▶ Material provided:
════════════════

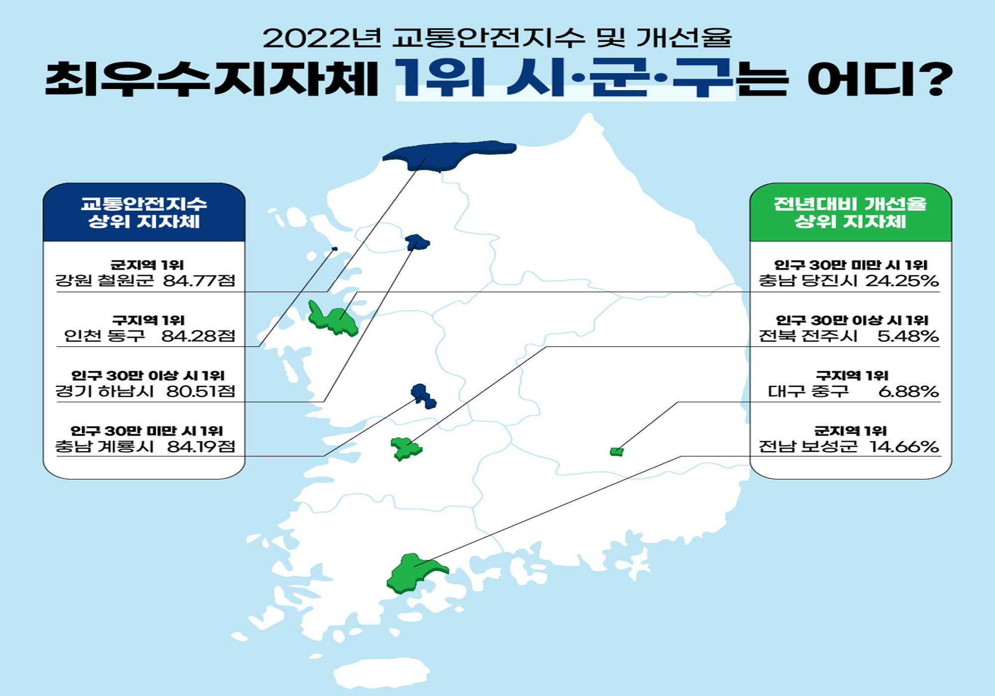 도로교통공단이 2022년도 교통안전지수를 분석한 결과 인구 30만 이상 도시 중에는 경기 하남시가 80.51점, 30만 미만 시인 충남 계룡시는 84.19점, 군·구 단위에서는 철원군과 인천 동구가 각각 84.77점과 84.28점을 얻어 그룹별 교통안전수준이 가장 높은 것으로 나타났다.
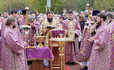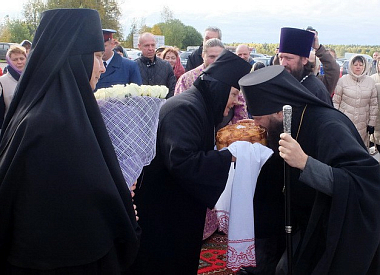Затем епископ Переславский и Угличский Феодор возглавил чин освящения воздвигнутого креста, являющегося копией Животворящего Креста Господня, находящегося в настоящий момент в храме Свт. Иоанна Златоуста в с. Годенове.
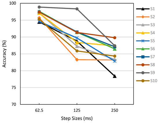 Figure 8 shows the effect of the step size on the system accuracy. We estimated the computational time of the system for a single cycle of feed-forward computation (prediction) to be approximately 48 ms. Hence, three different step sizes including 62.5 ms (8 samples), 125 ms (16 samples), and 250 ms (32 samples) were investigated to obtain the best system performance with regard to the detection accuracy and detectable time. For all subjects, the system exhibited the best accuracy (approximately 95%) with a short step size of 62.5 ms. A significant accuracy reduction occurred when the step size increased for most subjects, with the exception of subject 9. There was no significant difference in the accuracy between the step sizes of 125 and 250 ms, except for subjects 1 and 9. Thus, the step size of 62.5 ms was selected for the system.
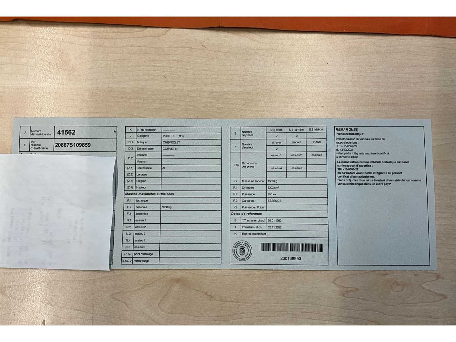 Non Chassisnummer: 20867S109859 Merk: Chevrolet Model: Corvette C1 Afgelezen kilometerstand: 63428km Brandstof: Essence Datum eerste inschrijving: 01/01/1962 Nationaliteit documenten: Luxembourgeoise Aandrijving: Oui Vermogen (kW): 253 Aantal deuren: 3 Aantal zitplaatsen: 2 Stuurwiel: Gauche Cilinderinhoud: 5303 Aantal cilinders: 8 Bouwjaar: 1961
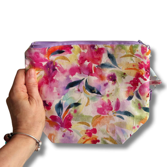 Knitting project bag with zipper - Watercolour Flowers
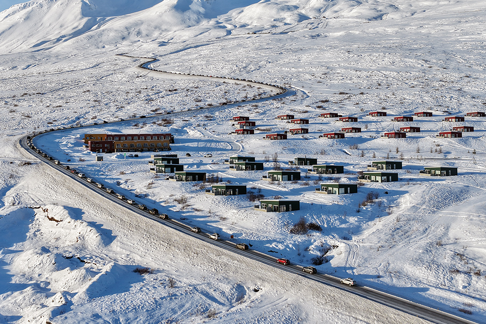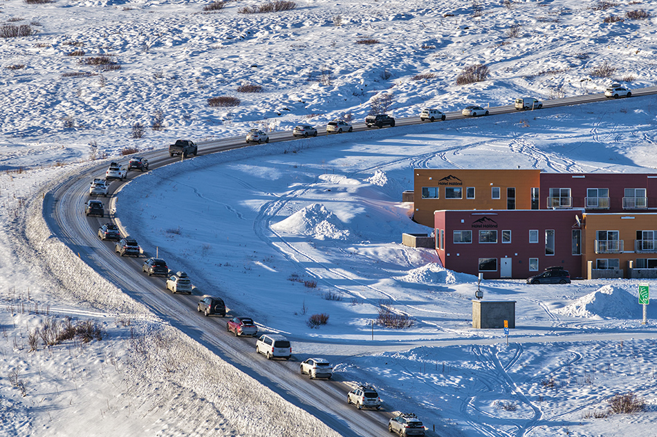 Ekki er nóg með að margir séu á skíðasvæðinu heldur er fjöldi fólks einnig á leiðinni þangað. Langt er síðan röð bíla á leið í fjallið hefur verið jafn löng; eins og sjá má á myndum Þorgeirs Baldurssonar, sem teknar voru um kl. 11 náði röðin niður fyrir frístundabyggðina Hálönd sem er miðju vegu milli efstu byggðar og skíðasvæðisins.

════════════════

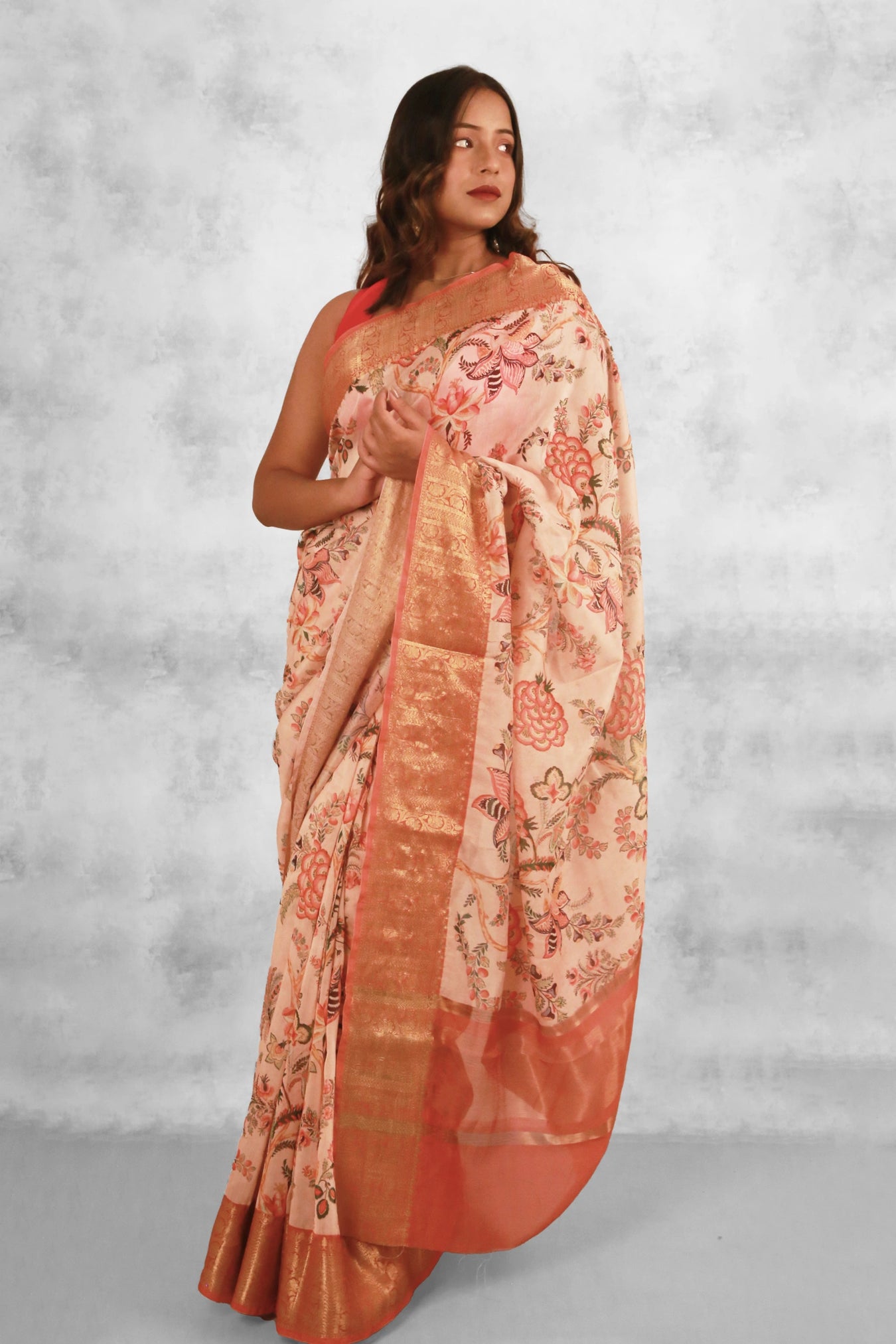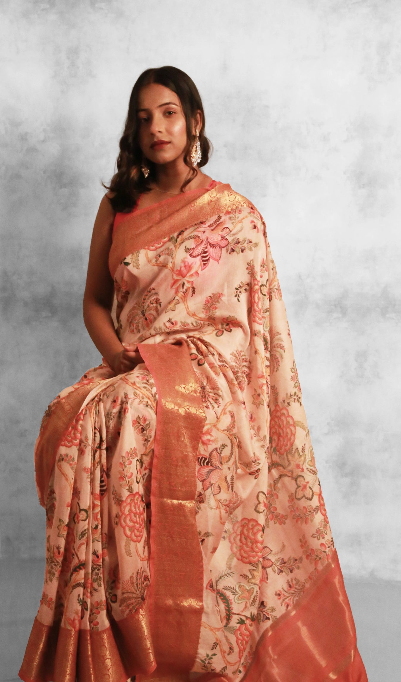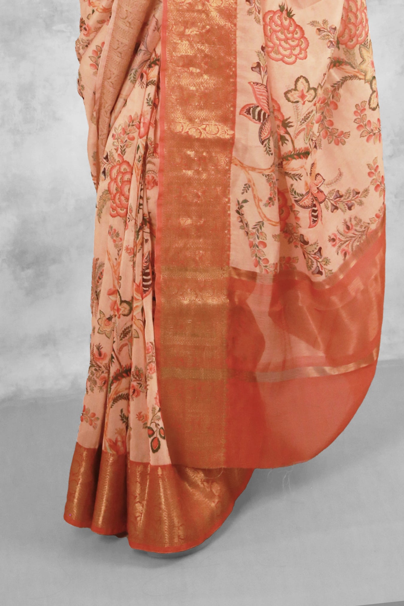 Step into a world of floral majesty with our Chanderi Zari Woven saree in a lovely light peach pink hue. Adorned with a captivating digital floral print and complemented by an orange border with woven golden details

════════════════

▶ Exercise description: Reproduce the entries exactly, from the line with "도로교통공단이 2022년도 교통안전지수를" to the line with "Ekki er nóg", both lines included, keeping no pictures.

▶ Written response:
 도로교통공단이 2022년도 교통안전지수를 분석한 결과 인구 30만 이상 도시 중에는 경기 하남시가 80.51점, 30만 미만 시인 충남 계룡시는 84.19점, 군·구 단위에서는 철원군과 인천 동구가 각각 84.77점과 84.28점을 얻어 그룹별 교통안전수준이 가장 높은 것으로 나타났다.
Затем епископ Переславский и Угличский Феодор возглавил чин освящения воздвигнутого креста, являющегося копией Животворящего Креста Господня, находящегося в настоящий момент в храме Свт. Иоанна Златоуста в с. Годенове.
 Figure 8 shows the effect of the step size on the system accuracy. We estimated the computational time of the system for a single cycle of feed-forward computation (prediction) to be approximately 48 ms. Hence, three different step sizes including 62.5 ms (8 samples), 125 ms (16 samples), and 250 ms (32 samples) were investigated to obtain the best system performance with regard to the detection accuracy and detectable time. For all subjects, the system exhibited the best accuracy (approximately 95%) with a short step size of 62.5 ms. A significant accuracy reduction occurred when the step size increased for most subjects, with the exception of subject 9. There was no significant difference in the accuracy between the step sizes of 125 and 250 ms, except for subjects 1 and 9. Thus, the step size of 62.5 ms was selected for the system.
 Non Chassisnummer: 20867S109859 Merk: Chevrolet Model: Corvette C1 Afgelezen kilometerstand: 63428km Brandstof: Essence Datum eerste inschrijving: 01/01/1962 Nationaliteit documenten: Luxembourgeoise Aandrijving: Oui Vermogen (kW): 253 Aantal deuren: 3 Aantal zitplaatsen: 2 Stuurwiel: Gauche Cilinderinhoud: 5303 Aantal cilinders: 8 Bouwjaar: 1961
 Knitting project bag with zipper - Watercolour Flowers
 Ekki er nóg með að margir séu á skíðasvæðinu heldur er fjöldi fólks einnig á leiðinni þangað. Langt er síðan röð bíla á leið í fjallið hefur verið jafn löng; eins og sjá má á myndum Þorgeirs Baldurssonar, sem teknar voru um kl. 11 náði röðin niður fyrir frístundabyggðina Hálönd sem er miðju vegu milli efstu byggðar og skíðasvæðisins.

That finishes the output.